Nick Clegg, Meta’s president for global affairs and a former UK deputy prime minister, said the 76-year-old Trump’s accounts will be reinstated “in the coming weeks,” but added that “new guardrails” would be instituted “to deter repeat offenses.”
“Social media is rooted in the belief that open debate and the free flow of ideas are important values,” Clegg said in a statement. “As a general rule, we don’t want to get in the way of open, public and democratic debate on Meta’s platforms – especially in the context of elections in democratic societies like the United States.”
The decision comes after the Republican’s 2024 campaign petitioned Meta to unlock his accounts and let Trump post directly to his 34 million followers on Facebook and 25 million followers on Instagram.

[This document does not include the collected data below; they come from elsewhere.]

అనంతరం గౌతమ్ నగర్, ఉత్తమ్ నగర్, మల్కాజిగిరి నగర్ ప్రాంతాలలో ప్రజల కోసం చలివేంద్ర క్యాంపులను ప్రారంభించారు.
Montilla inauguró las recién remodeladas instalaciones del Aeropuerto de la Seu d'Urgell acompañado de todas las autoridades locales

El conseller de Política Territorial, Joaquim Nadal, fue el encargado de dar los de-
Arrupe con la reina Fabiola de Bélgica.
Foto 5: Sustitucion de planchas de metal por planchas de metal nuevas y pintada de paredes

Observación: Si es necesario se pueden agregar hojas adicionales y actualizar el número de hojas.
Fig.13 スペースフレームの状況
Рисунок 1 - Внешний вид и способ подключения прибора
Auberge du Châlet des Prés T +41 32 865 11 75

Trump himself taunted Facebook Wednesday evening on his Truth Social platform, writing: “FACEBOOK, which has lost Billions of Dollars in value since ‘deplatforming’ your favorite President, me, has just announced that they are reinstating my account. Such a thing should never again happen to a sitting President, or anybody else who is not deserving of retribution! THANK YOU TO TRUTH SOCIAL FOR DOING SUCH AN INCREDIBLE JOB. YOUR GROWTH IS OUTSTANDING, AND FUTURE UNLIMITED!!!”

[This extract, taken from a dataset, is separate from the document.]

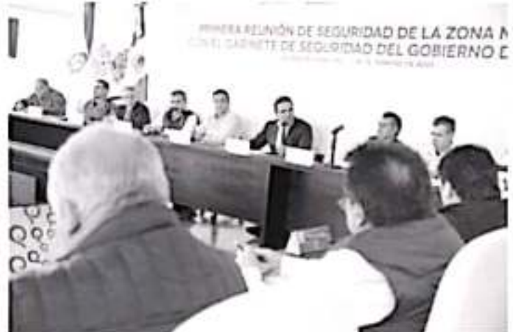
México tiene el enorme reto de recuperar la seguridad para sus ciudadanos y para avanzar de manera acelerada en la construcción de la paz, indicó el gobernador.

En el encuentro de trabajo, estuvieron presentes a alrededor de 40 asistentes, entre los que destacan los gobernadores de Nuevo León, Tamaulipas y Coahuila,

Meta had initially suspended Trump “indefinitely,” then referred his status to its “Oversight Board,” a so-called “expert body established to be an independent check.” The Board upheld the decision to suspend Trump but said his punishment should have a timeline. That decision led to an announcement he would be barred for at least two years.
Clegg said Meta had based its decision to reinstate Trump on several factors, including the smooth conduct of last year’s midterm elections and expert assessments that “the serious risk to public safety that existed in January 2021 has sufficiently receded.”
“The public should be able to hear what their politicians are saying – the good, the bad and the ugly – so that they can make informed choices at the ballot box,” Clegg said. “But that does not mean there are no limits to what people can say on our platform.”
Under the terms of his reinstatement, Trump is subject to suspensions of between one month and two years if he posts content deemed to “incite or celebrate ongoing violent events or civil unrest.”
Trump was also banned from Twitter, but was reinstated in November when new owner Elon Musk restored his account. He has not returned to the platform, instead opting to remain on Truth Social, although it has been widely reported he will start tweeting again shortly.
In the letter calling for Trump’s ban to be lifted, campaign general counsel Scott Gast said the suspension “dramatically distorted and inhibited the public discourse” and its continuation “would basically constitute … a deliberate effort by a private company to silence Mr. Trump’s political voice.”
“Moreover,” Gast added, “every day that President Trump’s political voice remains silenced furthers an inappropriate interference in the American political and election process.”